New York taking steps to penalize cashless businesses

Cashless

Cashless

With credit and debit cards on the rise, the use of cash is rapidly dwindling. However, several states, including New York, want to reverse this trend. 

In a matter of days, the New York City Council will vote on a bill that will eliminate discrimination towards low-income individuals who don’t have bank accounts by punishing businesses and stores that don’t accept cash. Introduced by District 15 Council Member Richie Torres, this bill would make shops and businesses think twice about refusing to accept cash.

If the bill is approved, New York will join several other states and cities who prohibit businesses from not accepting cash. According to Karma Allen of ABC News, both Massachusetts and New Jersey passed bills earlier this year to eliminate “cash-free practices.” 

While there is no civil penalty yet, Raymond Rodriguez, Deputy Chief of Staff for Ritchie Torres, says there will be a $1,000 fine for businesses after their first violation. Rodriguez talked about how a big portion of the city’s population don’t have bank accounts and are not able to pay electronically. 

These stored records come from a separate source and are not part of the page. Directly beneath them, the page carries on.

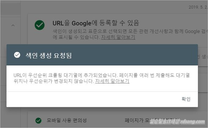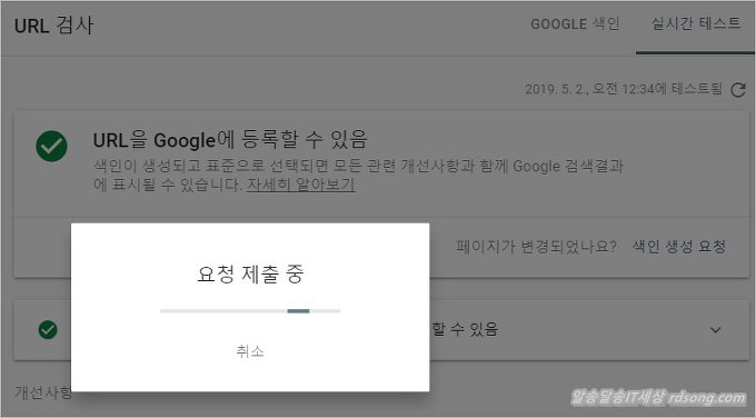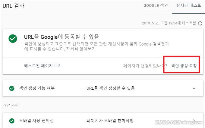 귀찮다면 우측하단 그냥 [ 색인생성 요청 ] 을 눌러 된다 그러면 실제 url 테스트 거치고 색인을 생성한다 즉 구글 검색엔진에 등록을 하는 것이다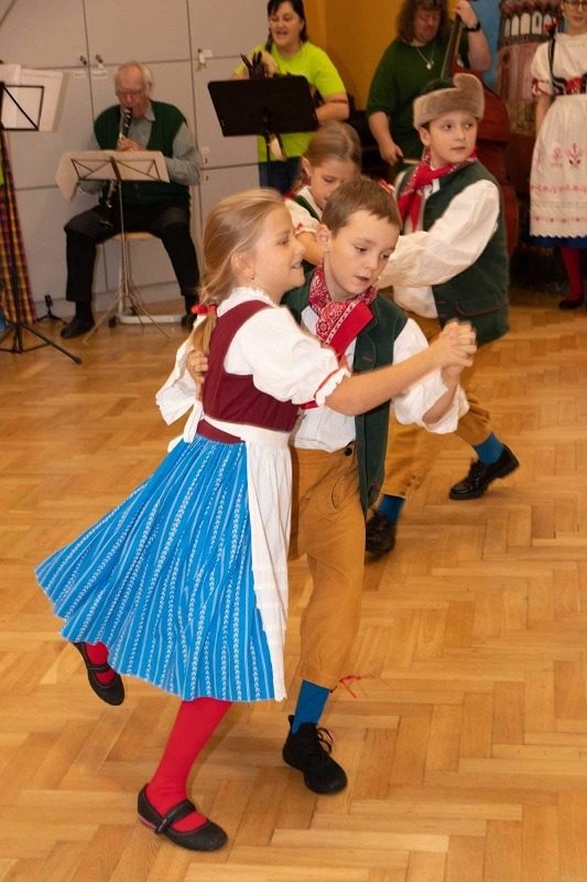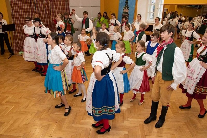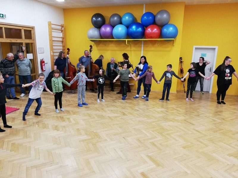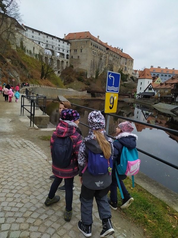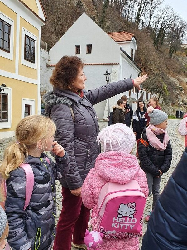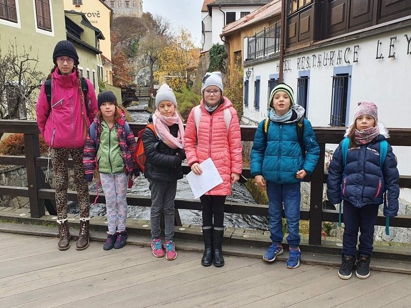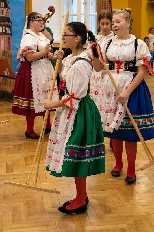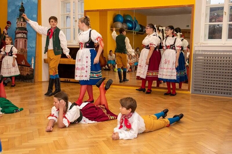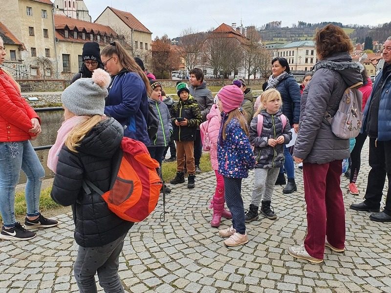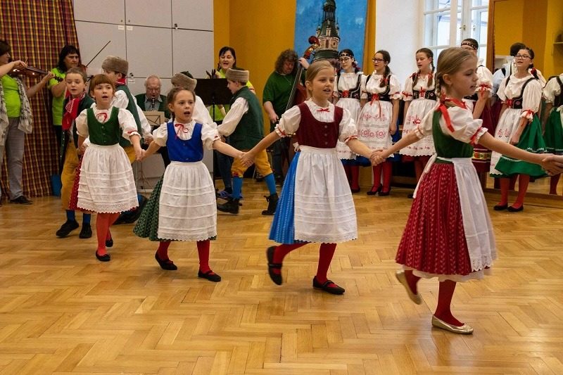 Mohli jsme se konečně za nimi rozjet. Cesta vlakem byla sice dlouhá, ale pro někoho to byl zážitek, neboť to bylo poprvé. Na nádraží na nás čekala dudačka krumlovského souboru Zlatka, která nás vedla večerním městem a temnými zákoutími Krumlova za doprovodu jejího příjemného vyprávění. Po příchodu do domu dětí a mládeže nás čekala doslova hostina a poté hudební hry s nácvikem našeho společného programu. Po nich byl čas uložit se ke spánku. Spát ve spacáku na karimatce vedle svého kamaráda bylo pro mnohé dalším jedinečným zážitkem. Ráno zabalit, nasnídat a vyrazit vstříc historickému městu, kde byla pro oba soubory i jejich muzikanty připravena pátrací hra. Užili jsme si to všichni a našli to, co jsme měli. Po vynikajícím obědě nás čekalo vystoupení pro veřejnost. Povedlo se a my odjížděli s dobrými pocity a dojmy.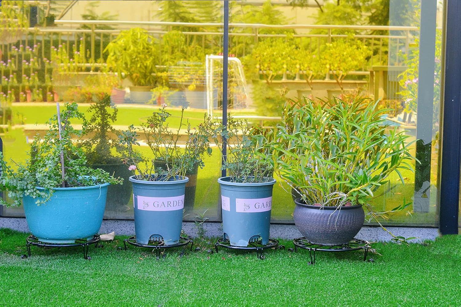 2 packs 12" Black Metal Plant Stands Heavy Duty Plants Holder Outdoor Indoor, Round Wrought Iron Sturdy Flower Planter Pot Stand, Corner Gardening Inside Potted Plant Risers - 12Inches

“The rise of cashless businesses in these areas limit minorities and even senior citizens from purchasing goods and products from stores that don’t accept cash,” said Rodriguez.  

According to the Federal Deposit Insurance Corporation (FDIC), approximately 6.5% of U.S. households didn’t have a bank account in 2017, many of whom were African-Americans and Hispanics.

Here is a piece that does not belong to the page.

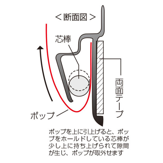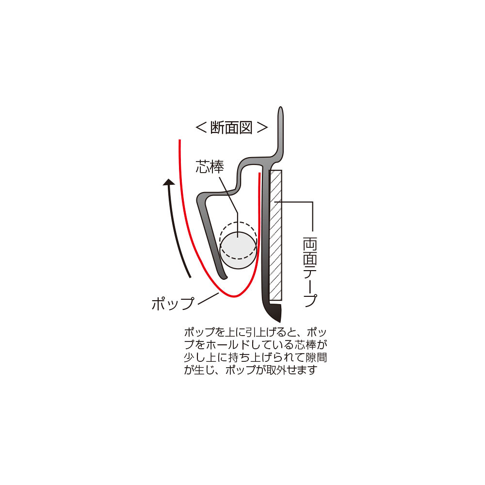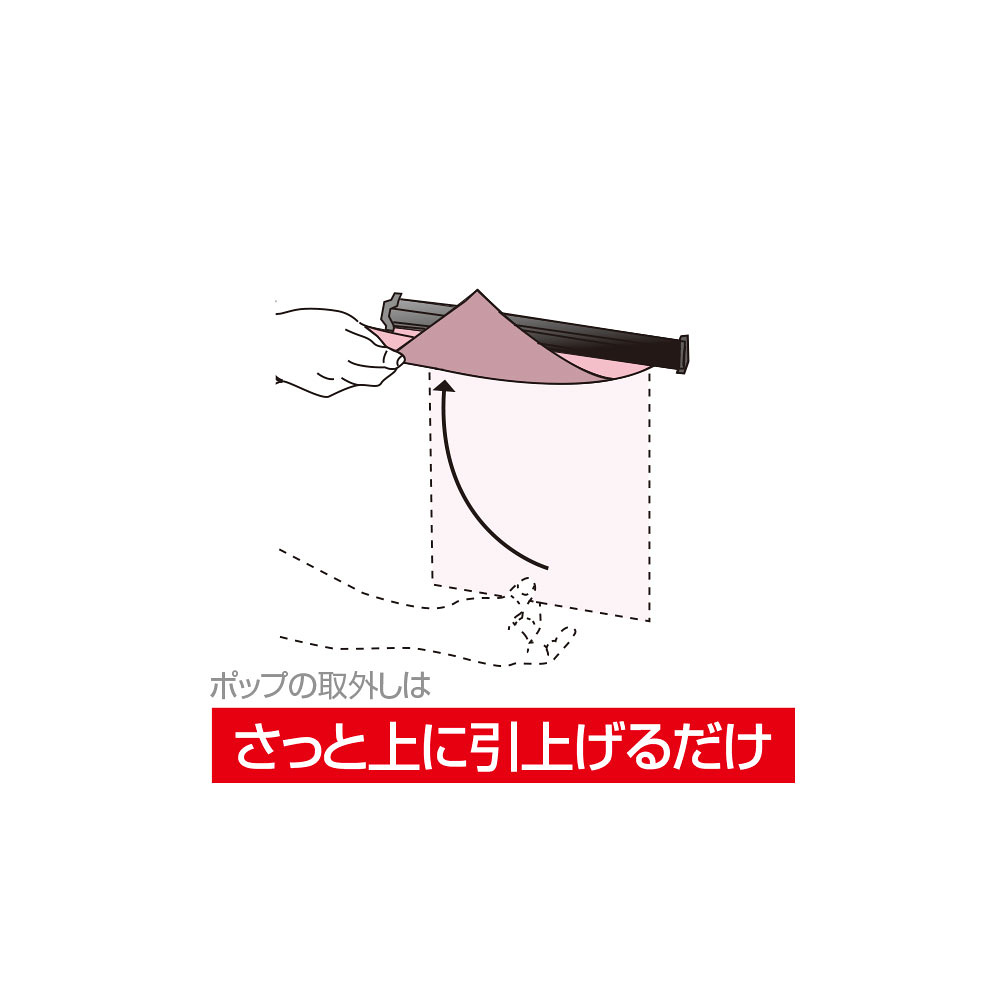 ラックの中に収納された芯棒でPOPを挟む為、簡単に設置・取り外しが可能。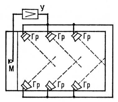 Рис. 2. Схема зональной системы звукоусиления: М — микрофон; У — усилитель электрических колебаний звуковых частот; Гр — громкоговоритель.

However, this proposed bill has received some criticism from various store owners and small businesses. Places that allow credit and debit cards enable faster and easier transactions and conversely, accepting cash will make these stores vulnerable to robberies and thefts. 

Dig Inn, one of the many food shops that don’t accept cash, says on its website “8% or less of transactions were cash.” It also states that cash management takes up a sizable amount of the day, lessening time dedicated to needed food production and preparation to serve their customers. 

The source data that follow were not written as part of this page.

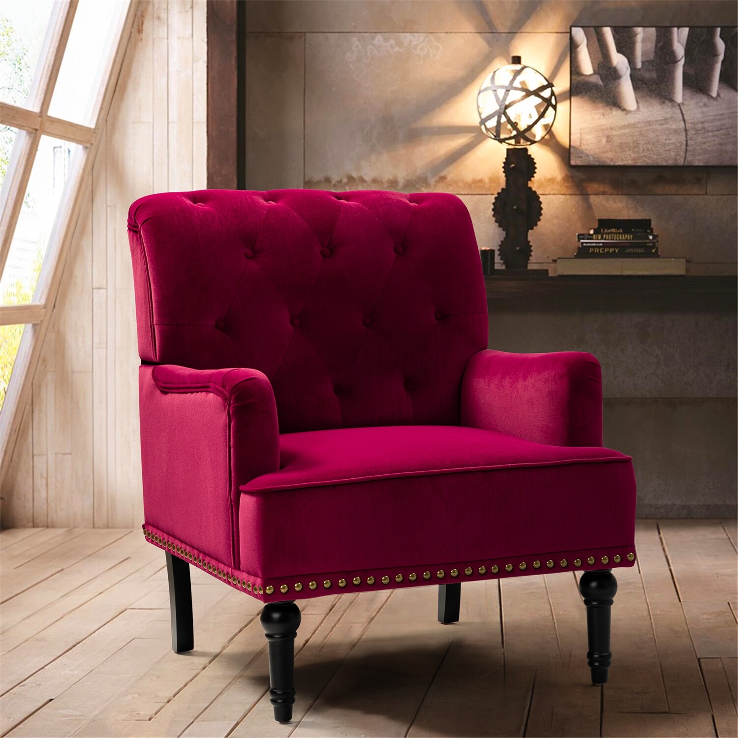 Geltrude Transitional Upholstered Button Tufted Club Chair with turned wooden Legs by HULALA HOME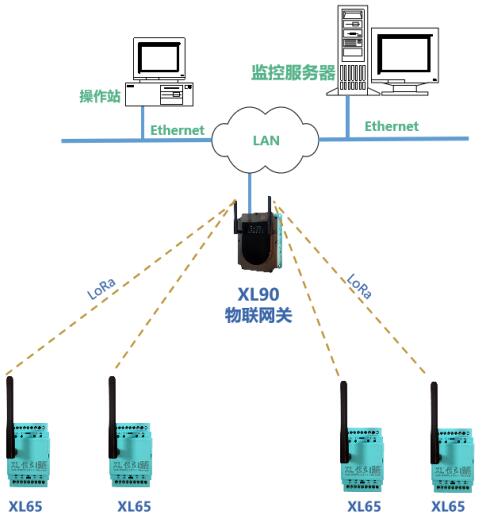 采用LoRa無線傳輸,需選XL90網(wǎng)關(guān)作為無線接收端,進行協(xié)議轉(zhuǎn)換和數(shù)據(jù)轉(zhuǎn)發(fā)。LoRa頻段可按不同國家、地區(qū)規(guī)定供貨。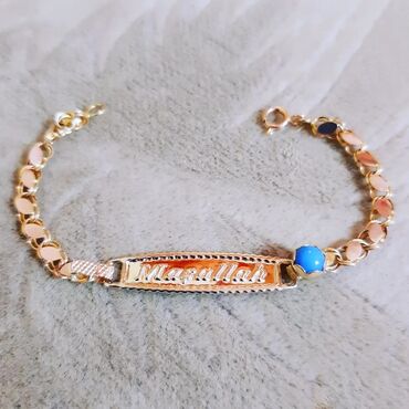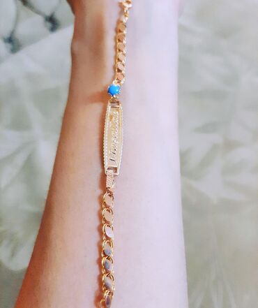 SarıYeni model qızıl uşaq qolbagı firuzə qaş fabriçni 585əyyar Türkiyə istehsalı çəki 1.91qram. Gözəl görnüşdü və həcimli qızıl bilərzikdi. Uzunluğ 14sm

The same can be said with the popular food chain Dos Toros. According to Henry Grabar of the Slate, co-founder Leo Kremer said the number of customers paying in cash fell to 15% before this year and managing cash was eating up valuable time toward serving their customers. 

At Hudson Eats, a high-grade food court found at Brookfield Place, all of their shops are cashless because it is located in a rich neighborhood and surrounded by large business sectors. The store managers at Northern Tiger, Dos Toros, and Num Pang say that they don’t accept cash because they have to accommodate to their customers, who have higher incomes, credit cards, and bank accounts. 

And finally, Rolln, a sushi restaurant located at 38 E 23rd Street, also goes cashless and kiosks that allow customers to pay with a credit card or paying apps. One of the employees, William, says that they accept cash only on special occasions. 

“[Going cashless] makes it easier and convenient for us and is a simple, streamlined process,” William said. “We have not had enough cash transactions to justify to accept cash but we also want to give our customers some options.”

Whatever the case may be, Torres hopes that once the bill is passed, it will make other states aware of this issue and prevent businesses from not serving low income households and those who do not possess a bank account. 

Torres said, “The cashless business model is what we call an ‘exclusionary model.’ Once the bill is passed through legislation, hopefully it advances the movement to prohibit it [cashless businesses] across the country.”